They are verbal mistakes that are linked to our unconscious feelings. Even the rich and famous are vulnerable to Freudian slips.
Freud believed that it was our unconscious mind that held the keys to our behaviour. He paid particular attention to dreams, defense mechanisms, and of course, slips of the tongue.
These Freudian slips, also known as parapraxis, are supposed to be our forbidden thoughts and desires. They are usually locked safely away in our unconscious mind. But even though they are buried deep in our unconscious, Freud believed that eventually, they will surface, in the form of a Freudian slip.
Michael Motley, a psychologist from the University of California, Davis, has been studying Freudian slips. He believes that there is something in the word that we end up choosing:
“When we’re thinking about something we’re priming the relevant words, they’re being prepared to be spoken in case we need them.”

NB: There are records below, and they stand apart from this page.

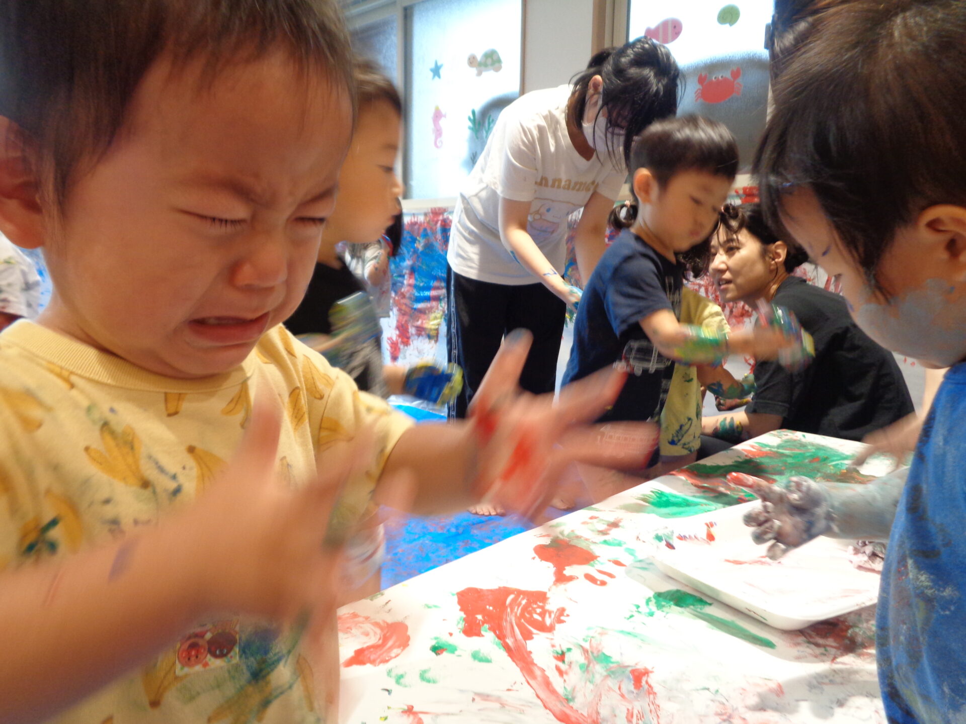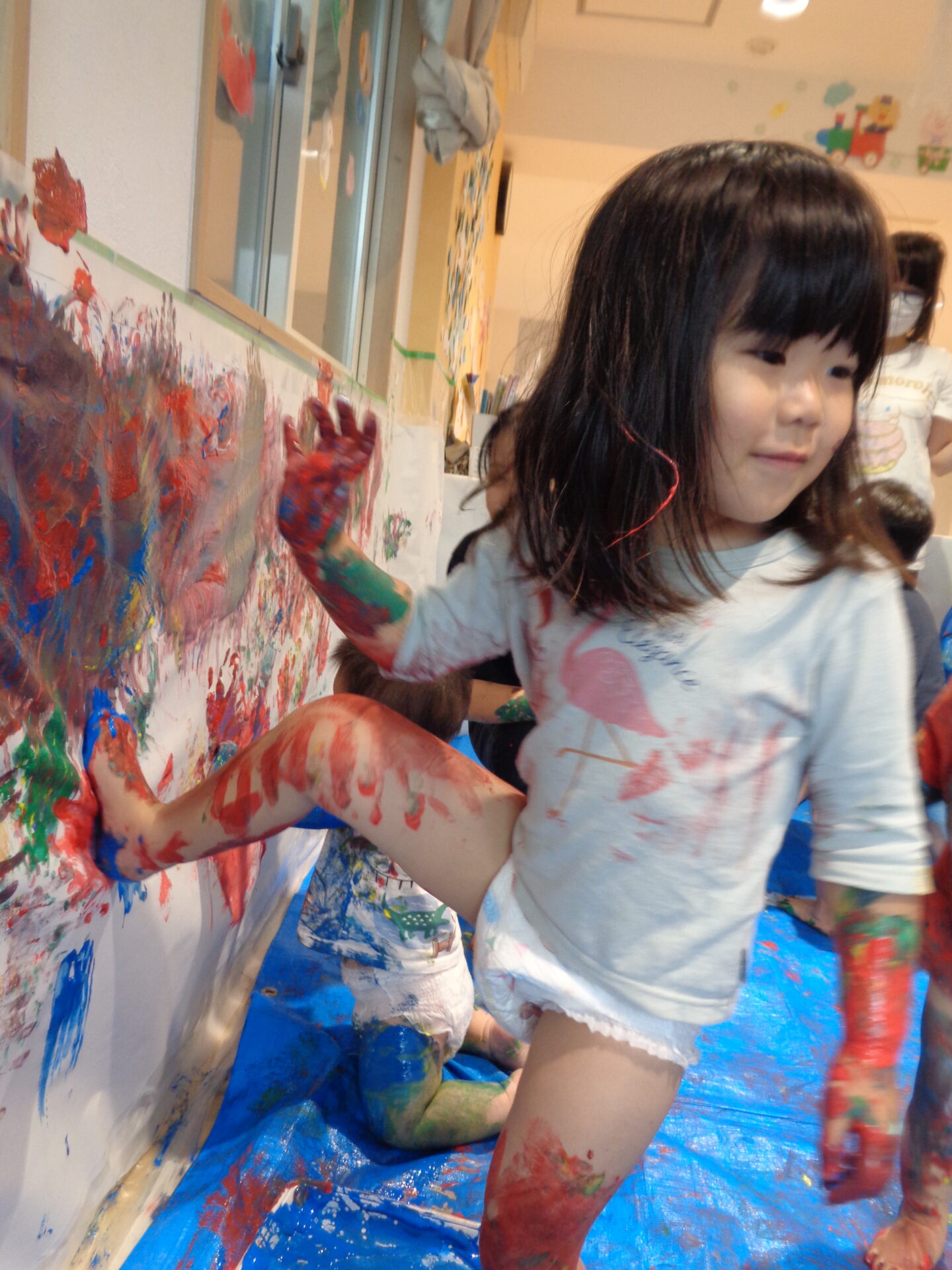 この日は朝からボディペインティング仕様の部屋だった為、少し戸惑っていた子ども達😅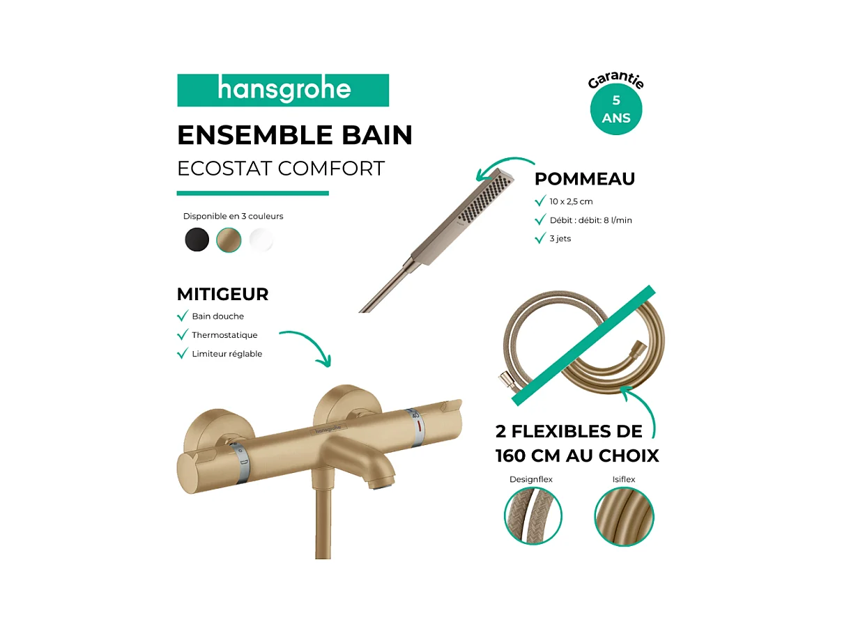 Pack mitigeur bain douche thermostatique HANSGROHE Ecostat Comfort + Flexible Designflex + Pommeau Pulsify E bronze brossé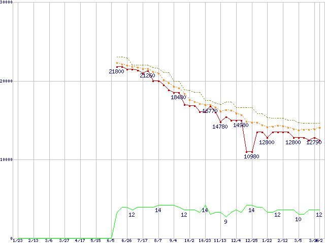 Phenom II X4 945 (3.0GHz,L2 512KB×4,L3 6MB,TDP 95W)の価格推移↑前グラフ↓次グラフ(2009年1月23日〜2010年4月2日)※このグラフは過去のデータも税率5%相当に調整した税込み相当額のグラフです。●関連グラフCPU主要製品の最安値推移CPU主要製品(最安値1万円〜2万円未満)の最安値推移AMD系CPUの最安値推移Socket AM3 (HyperTransport 3.0,Quad Core Core)の最安値推移●凡例最安値(点線部は販売店未確認または未調査)平均値最高値ショップ数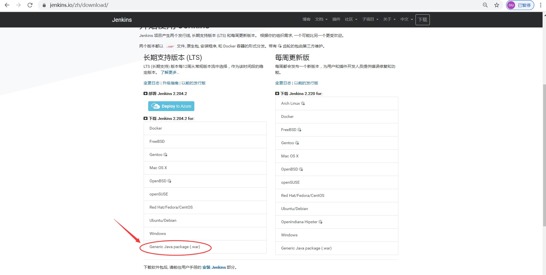 3.Jenkins 安装包推荐使用官网的长期支持版本 (LTS),避免出现插件无法安装的情况

Motley reckoned that the more we try to not think about a word, the more likely we are to choose it. An example used in his study was the sentence:
‘The old hillbilly kept his moonshine in a big (blank)’.
Participants were helped by an attractive lab assistant and asked to select from a choice of words to fill in the blank. Amongst the list of choices was: pitcher, barrel, jar and many more. The participants that were attracted to the lab assistant invariably chose ‘jugs’.

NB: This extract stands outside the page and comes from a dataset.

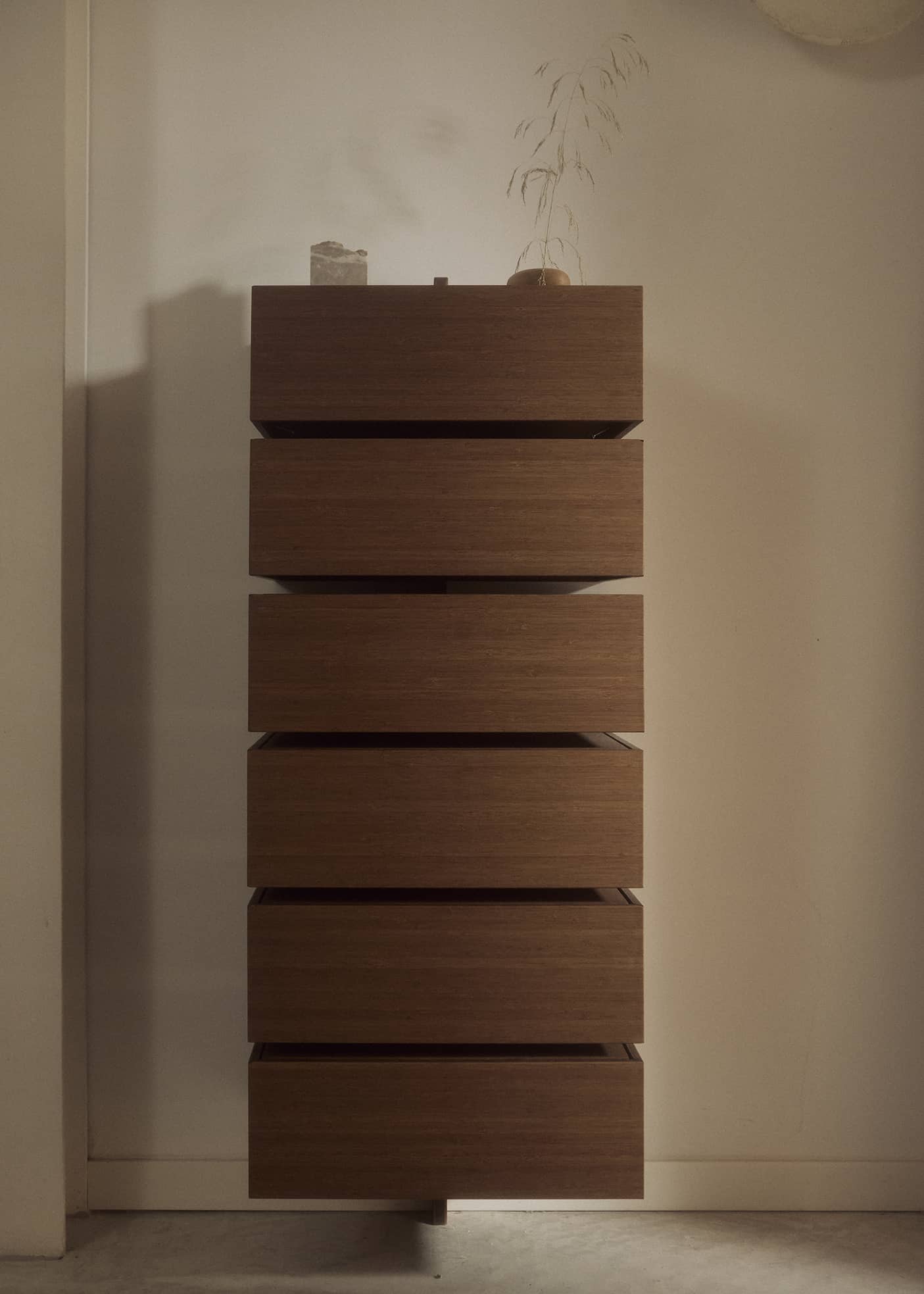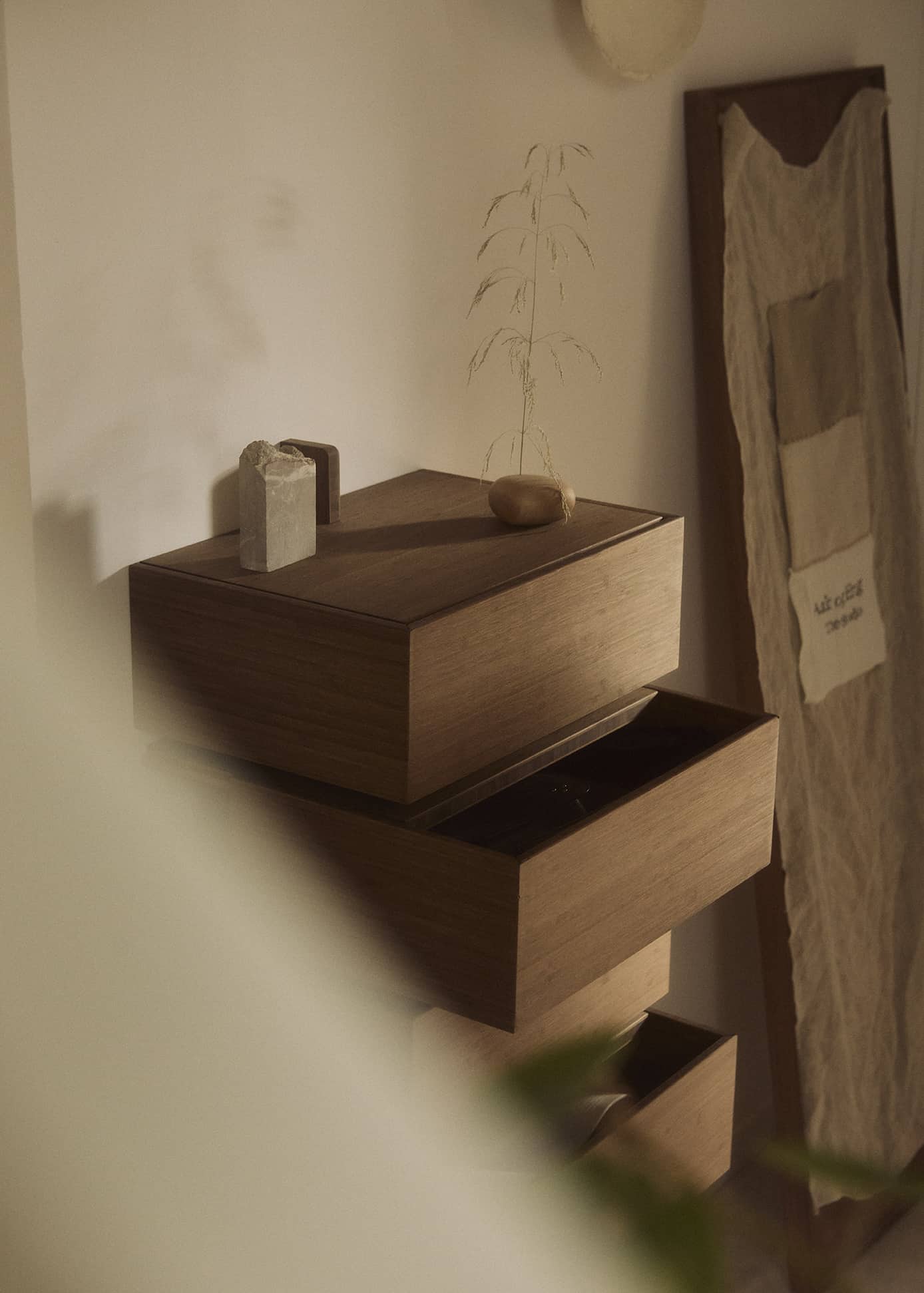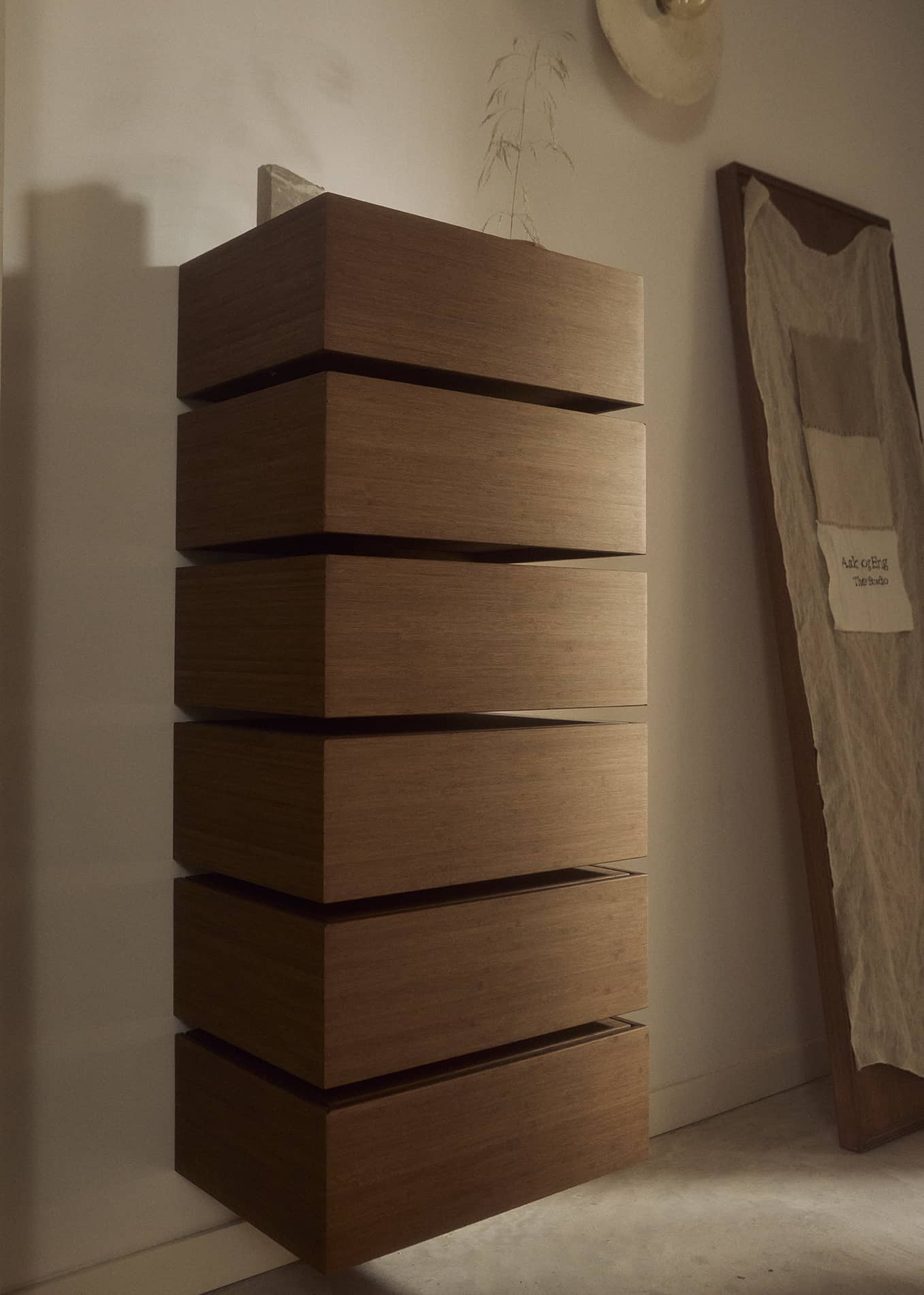 A modular storage system characterized by a floating silhouette. The Hako series eliminates the need for a traditional base, allowing for customizable clusters or expansive storage walls. It is a solution for the organized environment, where functional storage meets minimalist elevation.

“It’s sort of doubly primed and it gets selected over the others. We think something similar is happening with Freudian slips,” says Motley.
Freudian slips, however, are extremely difficult to study and test. How do you test and measure a slip of the tongue with an unconscious thought? In fact, there are many studies that dispute Freudian slips.
One person who disagreed with Freud was the Austrian linguist Rudolf Meringer. Meringer was working at the same time as Freud and spent hundreds of hours collecting verbal mistakes, made by his colleagues mostly. When the data had been collected and studied, Meringer concurred that most slips of the tongue were down to mixing up the letters, not the actual words.
Many other linguists agree with Meringer, including Gary Dell, a Professor of Linguistics and Psychology, at the University of Illinois at Urbana.
Dell believes that Freudian slips reveal how a person’s brain processes language. He suggests that in order to produce speech, the brain uses three networks:
Speech occurs via an interaction with all three networks, a process Dell calls ‘spreading activation’. Slip-ups happen when these interactions get mixed up.
So imagine that you want to say the word ‘nutrition’. Your brain immediately activates nodes that start up the semantic network. It goes through all the stored words that have something to do with that concept (food, nutrients, nourishment, diet) before selecting the one that activates the strongest.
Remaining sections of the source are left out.